Activity> From the material below, copy exactly the lines beginning with the one that contains "踩着音乐节拍,借助炸弹、跳跃" and ending with the one that contains "Une fine pince"; the pictures stay out.

--*--

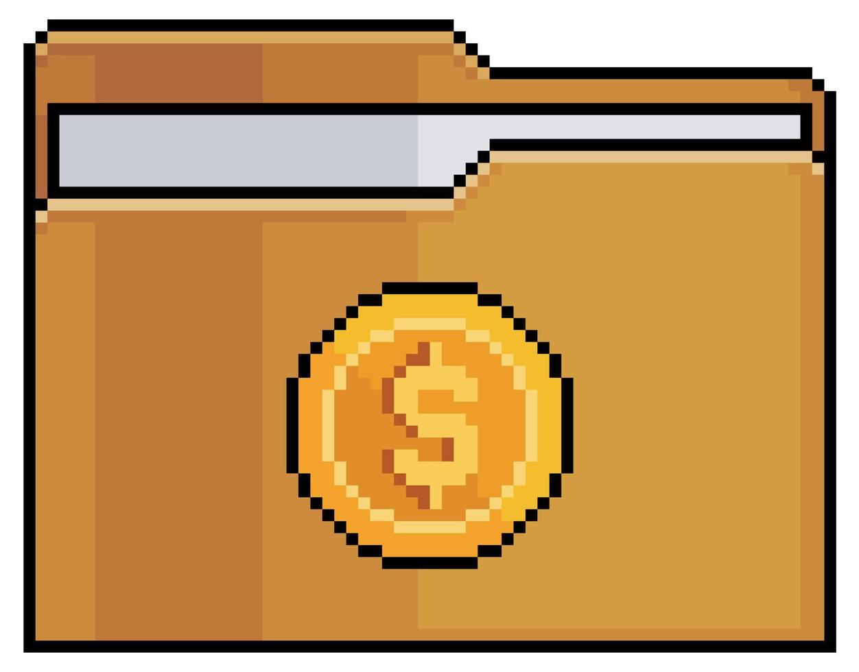 Pixel art folder with coin icon. money folder vector icon for 8bit game on white background Pro Vector
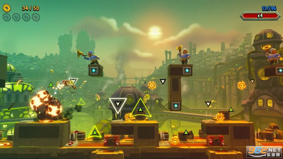 踩着音乐节拍,借助炸弹、跳跃和击打避开障碍,解除敌人武装,点燃导火索制造大型混乱场面。
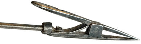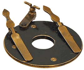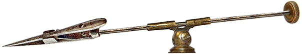 Une fine pince en acier permet de tenir les petits objets pour les observer sous différents angles. Sa longueur totale est égale à 8 centimètres, le diamètre de la tige étant de l'ordre du millimètre. Le tube-support articulé dans lequel elle coulisse est assujetti à la partie mobile du chariot ce qui permet de bénéficier de la précision de ses déplacements.
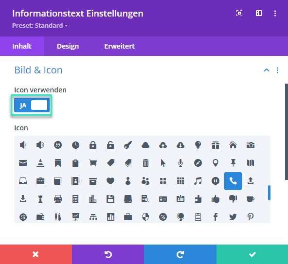 Bei den Einstellungen “Inhalt” können Sie zwischen einem “Icon” und einem “Bild” wählen.
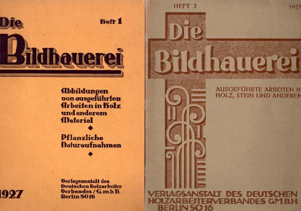 (Blossfeldt, Karl): Die Bildhauerei. Heft 1. 1927 / Die Bildhauerei. Heft 2. 1927. Abbildungen ausgeführter Arbeiten in Holz und anderem Material. Pflanzliche Naturaufnahmen. Erste Auflage. 2 Bände. Berlin. Verlagsanstalt des Deutschen Holzarbeiter-Verbandes GmbH. 1927. 31 x 22,7 cm. 32 S.; 32 S. Illustrierter, klammergehefteter OKarton. Einbände etwas angestaubt, nachgedunkelt und wenig berieben. Innen etwas lichtspurig und minimalst angestaubt. Sonst gute Exemplare.
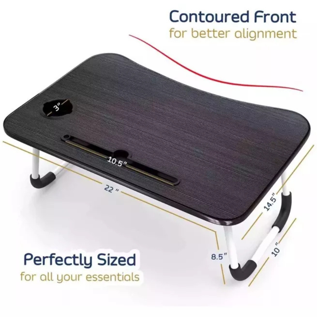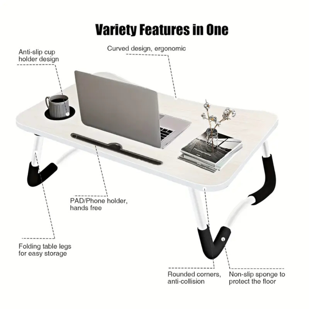 Laptop Tray Lap Desk Stand Foldable Bed Table Notebook Tray Cup Slot Adjustable Description: Upgrade your comfort and productivity with this Laptop Tray Lap Desk Stand, designed for versatile use at ho me, in bed, or on the sofa. Whether you're working, studying, or enjoying breakfast in bed, this foldable bed table provides a stable and spacious surface for your laptop, books, or snacks. Key Features: Adjustable Foldable Legs: Customize the height and angle for optimal ergonomics and easy storage when not in use. Spacious Desktop: Fits laptops up to 17", with extra space for a mouse, notebook, or phone. Built-in Cup Slot: Keeps your drink secure while you work or relax, preventing spills. Sturdy & Lightweight Design: Made from durable, eco-friendly materials with strong legs and non-slip bottom pads. Multi-Purpose Use: Ideal for laptop work, reading, writing, drawing, eating, or gaming in bed or on the couch. Stay comfortable and productive anywhere with this smart, portable desk solution!
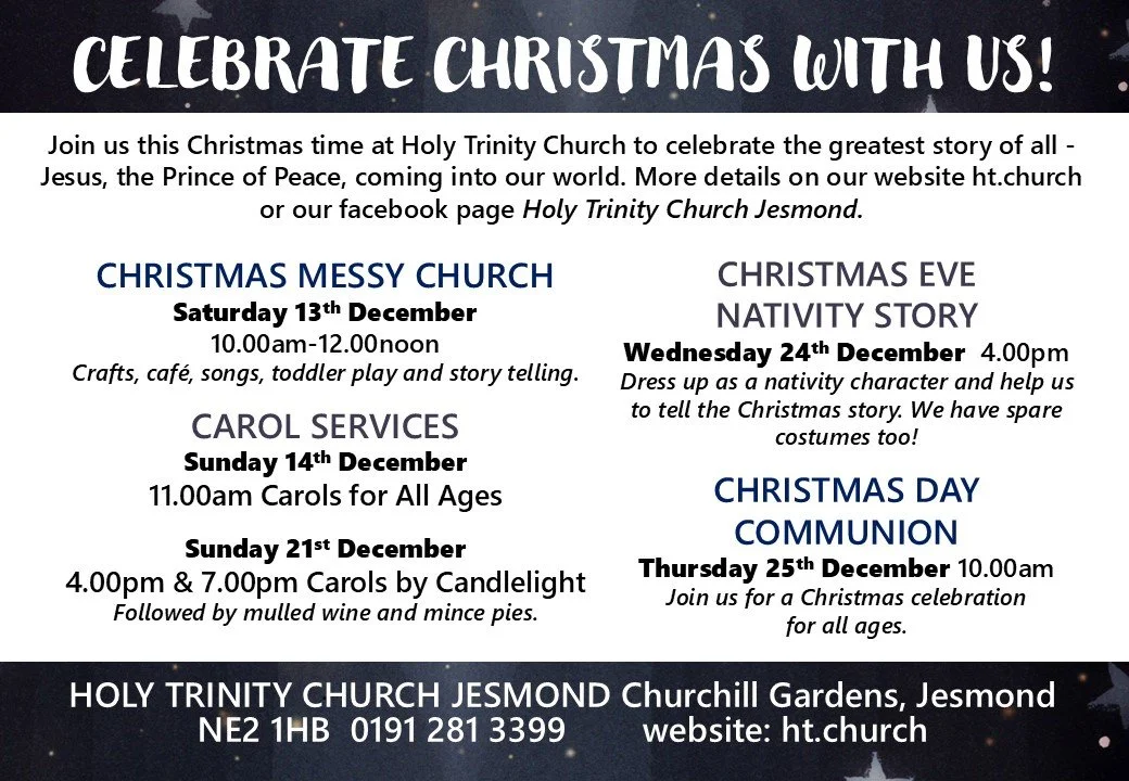 Come join us over the Christmas season. There’s a whole range of services and events to enjoy. More details below and on our events page.
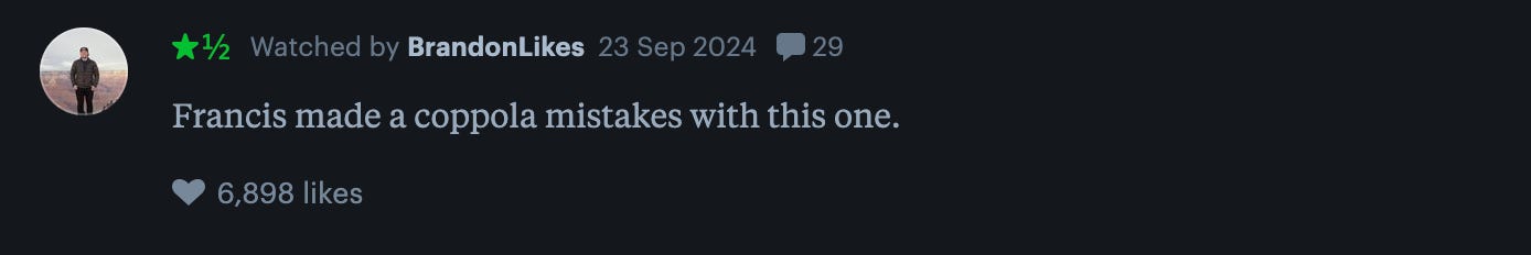 Francis Ford Coppola has spent his entire career proving that moderation and normality don’t make cinema history. Extremity does. Hubris does. These are prices of admission.
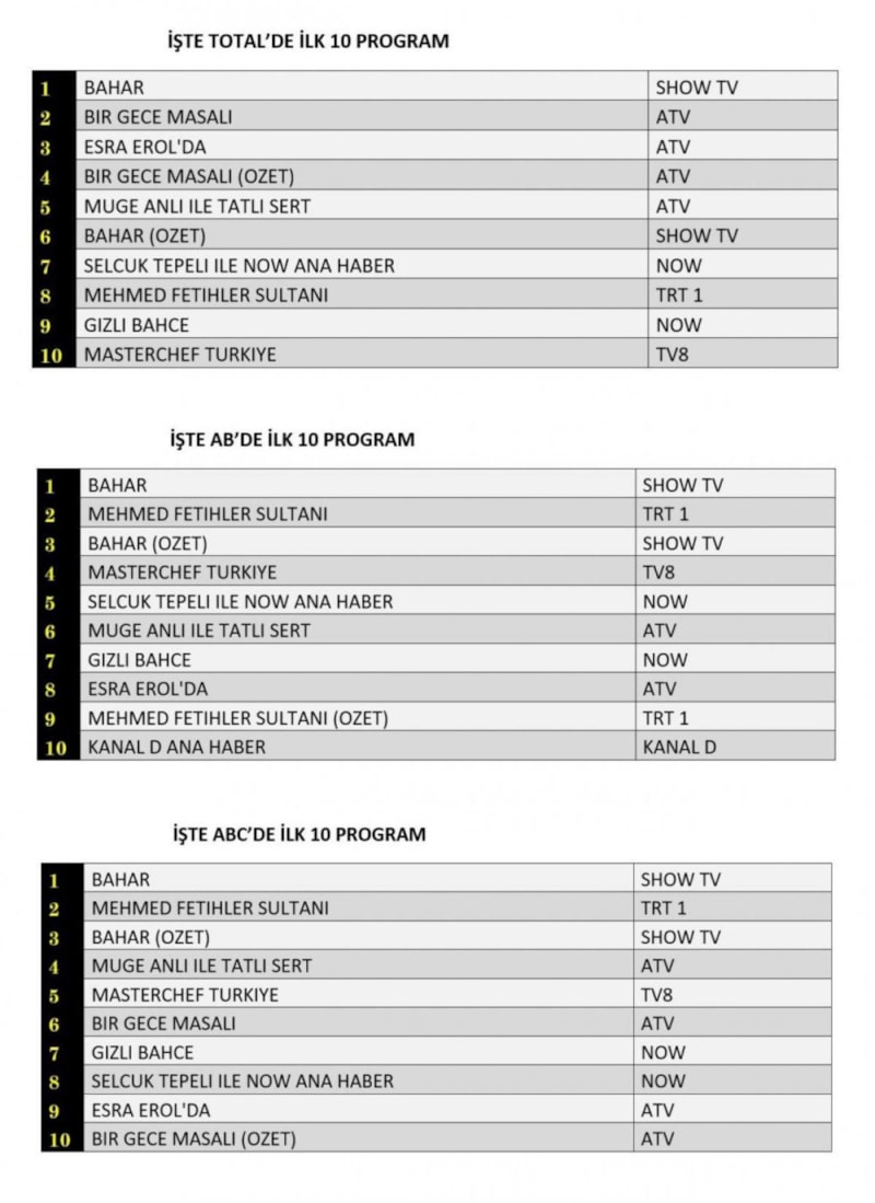 ABC1 kategorisinde 1. sırada “Bahar” dizisi zirvedeki yerini korudu. 2. sırada “Mehmed Fetihler Sultanı” dizisi yer aldı. 3. sırada ise “Bahar” dizisinin özeti dikkat çekti.
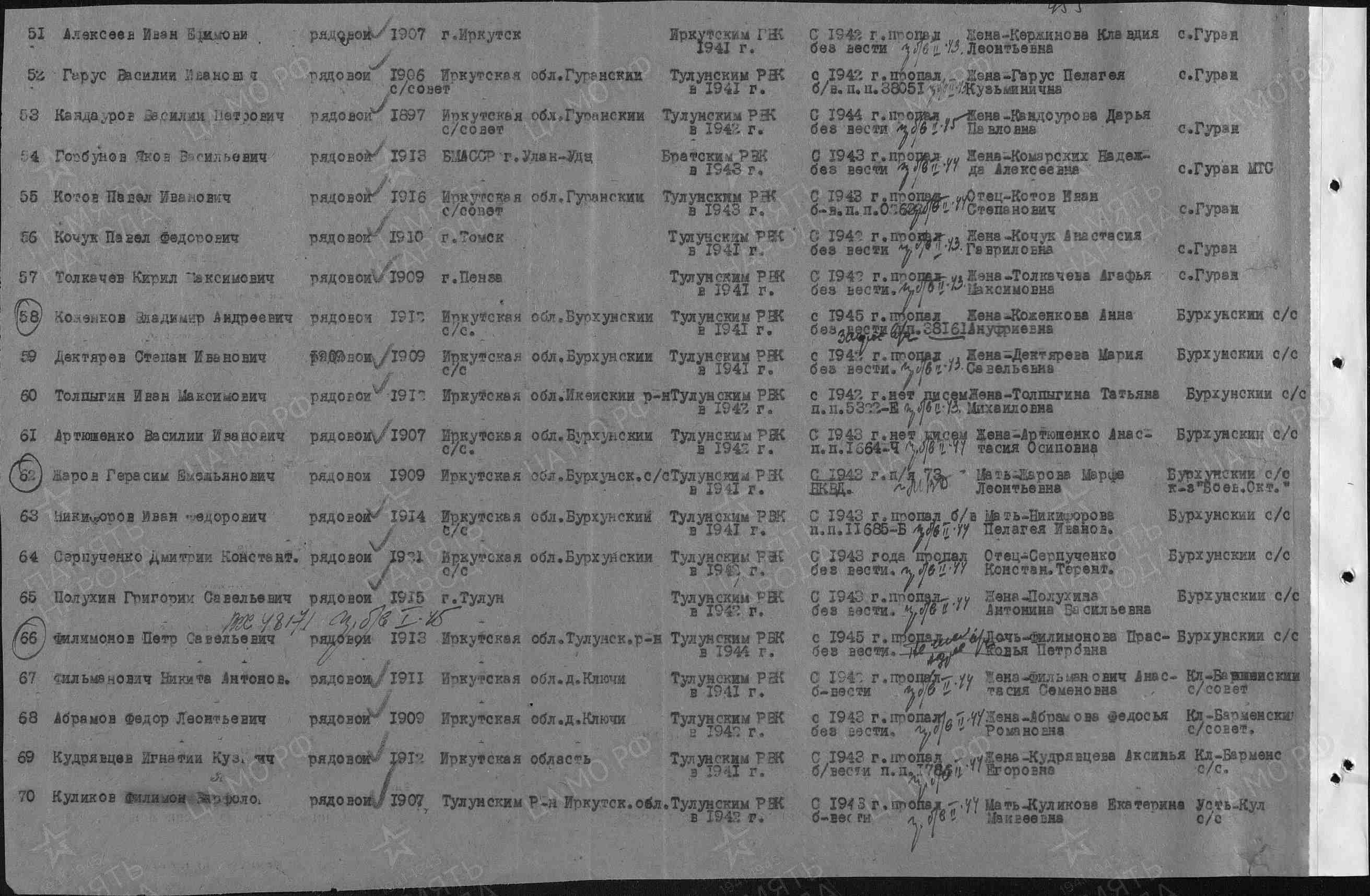 | Призван РВК | Тулунский РВК, Иркутская обл. |

--*--

Result for this exercise>
 踩着音乐节拍,借助炸弹、跳跃和击打避开障碍,解除敌人武装,点燃导火索制造大型混乱场面。
 Une fine pince en acier permet de tenir les petits objets pour les observer sous différents angles. Sa longueur totale est égale à 8 centimètres, le diamètre de la tige étant de l'ordre du millimètre. Le tube-support articulé dans lequel elle coulisse est assujetti à la partie mobile du chariot ce qui permet de bénéficier de la précision de ses déplacements.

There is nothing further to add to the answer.